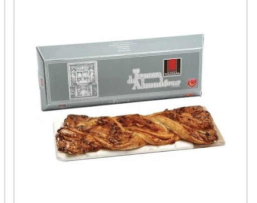 El buen hacer, capaz de sorprender !!! Al tener conocimiento de las trenzas de Almudevar y buscar información sobre su elaboración, historia y calidad, quise hacer un pedido de tres unidades. Las pedí un lunes, hice el abono de mi compra, de la que me descontaron el 10% por ser la primera ocasión ... y el miercoles antes de medio dia las tenia en casa, Hospitalet de Llobregat ( Barcelona ). UN 10 AL ENVÍO Cuando abro la caja y veo con que cuidado y esmero las han empaquetado, no puedo por menos que decir " esta gente es profesional". Envoltorio de papel de seda ; 2 hojas, cada una de un color distinto ... y en el fondo 2 bolsas para poder poner alguna de las unidades, por si quieres hacer un regalo. UN 10 AL PACKAGING Y el momento mágico llega cuando abres una de las cajas y puedes oler la trenza. Huele a pastelería de las de antes : a Magia. Claro, coges un cuchillo y dices " solo la pruebo " ; pero no, y han caido dos trocitos antes de hacer las presentaciones con el resto de la familia. ( menos mal que hemos pedido 3 ) UN 10 AL PRODUCTO.
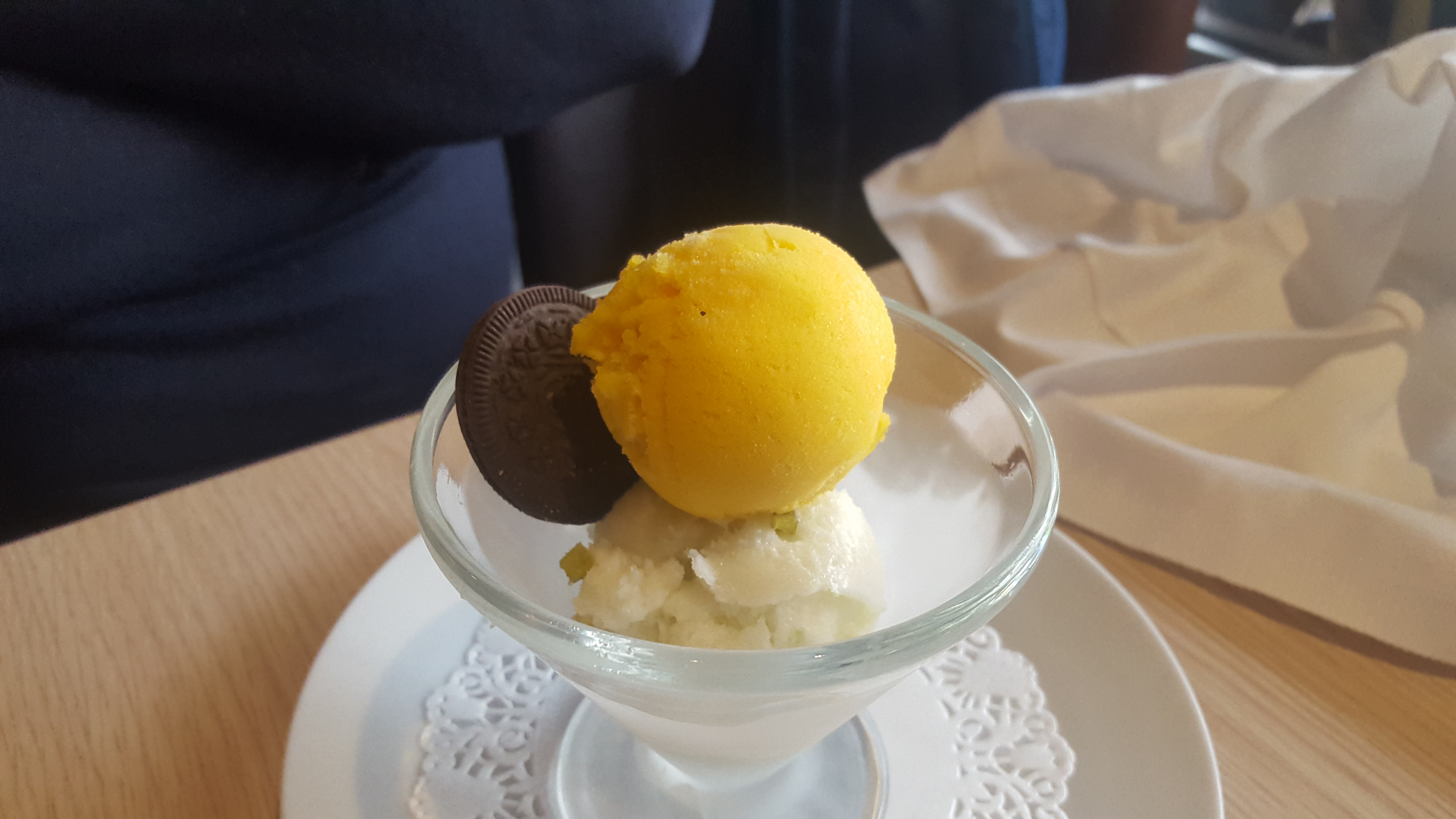 Excellente nourriture. Bon prix. Faire le ménage. Ils avaient un ventilateur, ce qui était bien car il faisait très chaud. Les sièges étaient à l'étroit. Quelqu'un à la table à côté de nous a renversé son champagne et il a atterri sur mon pied et ma jambe. Les tables ne devraient jamais être aussi rapprochées. Sinon, c'était un bon restaurant.
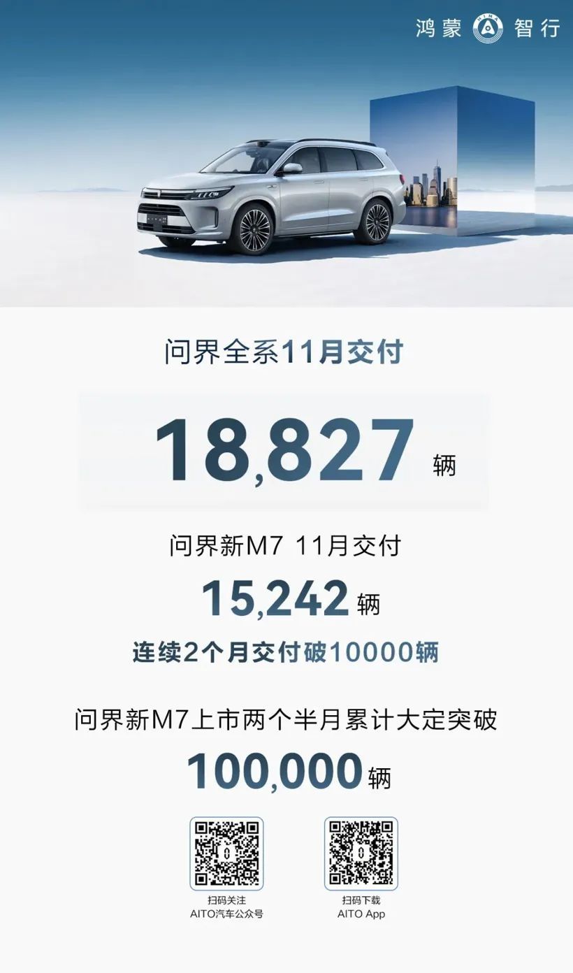 最惊喜表现当属问界。11月,鸿蒙智行旗下的AITO问界系列共交付新车18,827辆。其中,问界新M7交付新车15,242辆,连续两个月交付破1万辆,累计交付超27,000辆。
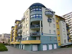 Most of Freedom Hill consists of a housing estate of multi-family blocks built in the 1980s, though the accompanying infrastructure is underdeveloped. The area is dominated by multi-family buildings, with a significant presence of twelve-story blocks.[5] Among Bydgoszcz’s districts, Freedom Hill stands out for its substantial proportion of high-rise buildings. Along several streets, there is single-family housing, some of which dates back to the Prussian partition and the interwar period.[5]
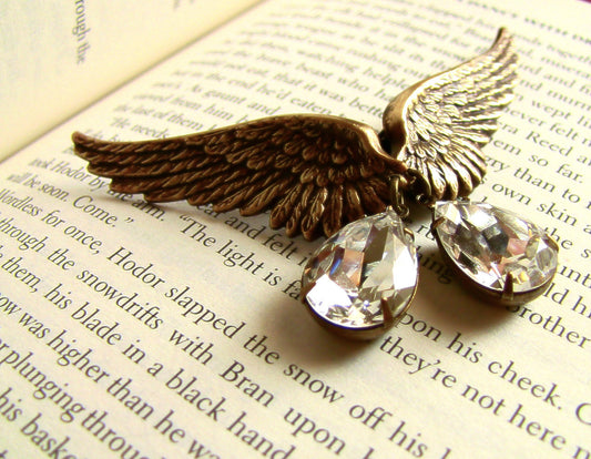 Brass Wings Earrings with Swarovski Crystal Drops
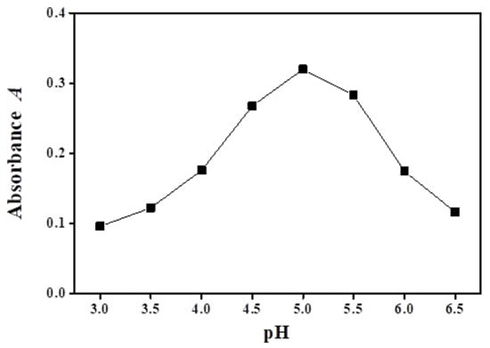 In the experiment, 5-Br-PADAM was chosen as the chelating agent. As shown in Scheme 1, 5-Br-PADAM molecule contains three nitrogen atoms including two amino group nitrogen atoms and a ring nitrogen atom, and its copper chelate also has uncoordinated nitrogen atoms, which can combine with protons. Therefore, the pH value of the test solution affects not only the formation but also the hydrophobicity of the Cu(II)-5-Br-PADMA chelate and is one of the most important factors. The influence of pH on the DLLME extraction of Cu(II) was studied in the pH range of 3.0–6.5. As shown in Figure 6, the high absorbance of Cu(II) was observed at pH 5.0. Hence, a pH of 5.0 was employed for the subsequent experiments.
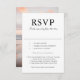 Presenting our minimalist wedding RSVP card, a blend of understated charm and elegant functionality. The card captures attention with its bold, clean serif font, spelling out 'RSVP' with a commanding presence. Below, the due date is artfully written in an elegant script, adding a touch of grace and sophistication. The back of the card offers a delightful surprise – a space for your chosen photo, making each response card a memorable keepsake of your special day. This card not only simplifies the response process for your guests but also carries the essence of your love story, beautifully encapsulated in a modern, minimalist design.

- [The task]
The answer must be an exact copy of the records, with no pictures in it.

- [Result below]
 El buen hacer, capaz de sorprender !!! Al tener conocimiento de las trenzas de Almudevar y buscar información sobre su elaboración, historia y calidad, quise hacer un pedido de tres unidades. Las pedí un lunes, hice el abono de mi compra, de la que me descontaron el 10% por ser la primera ocasión ... y el miercoles antes de medio dia las tenia en casa, Hospitalet de Llobregat ( Barcelona ). UN 10 AL ENVÍO Cuando abro la caja y veo con que cuidado y esmero las han empaquetado, no puedo por menos que decir " esta gente es profesional". Envoltorio de papel de seda ; 2 hojas, cada una de un color distinto ... y en el fondo 2 bolsas para poder poner alguna de las unidades, por si quieres hacer un regalo. UN 10 AL PACKAGING Y el momento mágico llega cuando abres una de las cajas y puedes oler la trenza. Huele a pastelería de las de antes : a Magia. Claro, coges un cuchillo y dices " solo la pruebo " ; pero no, y han caido dos trocitos antes de hacer las presentaciones con el resto de la familia. ( menos mal que hemos pedido 3 ) UN 10 AL PRODUCTO.
 Excellente nourriture. Bon prix. Faire le ménage. Ils avaient un ventilateur, ce qui était bien car il faisait très chaud. Les sièges étaient à l'étroit. Quelqu'un à la table à côté de nous a renversé son champagne et il a atterri sur mon pied et ma jambe. Les tables ne devraient jamais être aussi rapprochées. Sinon, c'était un bon restaurant.
 最惊喜表现当属问界。11月,鸿蒙智行旗下的AITO问界系列共交付新车18,827辆。其中,问界新M7交付新车15,242辆,连续两个月交付破1万辆,累计交付超27,000辆。
 Most of Freedom Hill consists of a housing estate of multi-family blocks built in the 1980s, though the accompanying infrastructure is underdeveloped. The area is dominated by multi-family buildings, with a significant presence of twelve-story blocks.[5] Among Bydgoszcz’s districts, Freedom Hill stands out for its substantial proportion of high-rise buildings. Along several streets, there is single-family housing, some of which dates back to the Prussian partition and the interwar period.[5]
 Brass Wings Earrings with Swarovski Crystal Drops
 In the experiment, 5-Br-PADAM was chosen as the chelating agent. As shown in Scheme 1, 5-Br-PADAM molecule contains three nitrogen atoms including two amino group nitrogen atoms and a ring nitrogen atom, and its copper chelate also has uncoordinated nitrogen atoms, which can combine with protons. Therefore, the pH value of the test solution affects not only the formation but also the hydrophobicity of the Cu(II)-5-Br-PADMA chelate and is one of the most important factors. The influence of pH on the DLLME extraction of Cu(II) was studied in the pH range of 3.0–6.5. As shown in Figure 6, the high absorbance of Cu(II) was observed at pH 5.0. Hence, a pH of 5.0 was employed for the subsequent experiments.
 Presenting our minimalist wedding RSVP card, a blend of understated charm and elegant functionality. The card captures attention with its bold, clean serif font, spelling out 'RSVP' with a commanding presence. Below, the due date is artfully written in an elegant script, adding a touch of grace and sophistication. The back of the card offers a delightful surprise – a space for your chosen photo, making each response card a memorable keepsake of your special day. This card not only simplifies the response process for your guests but also carries the essence of your love story, beautifully encapsulated in a modern, minimalist design.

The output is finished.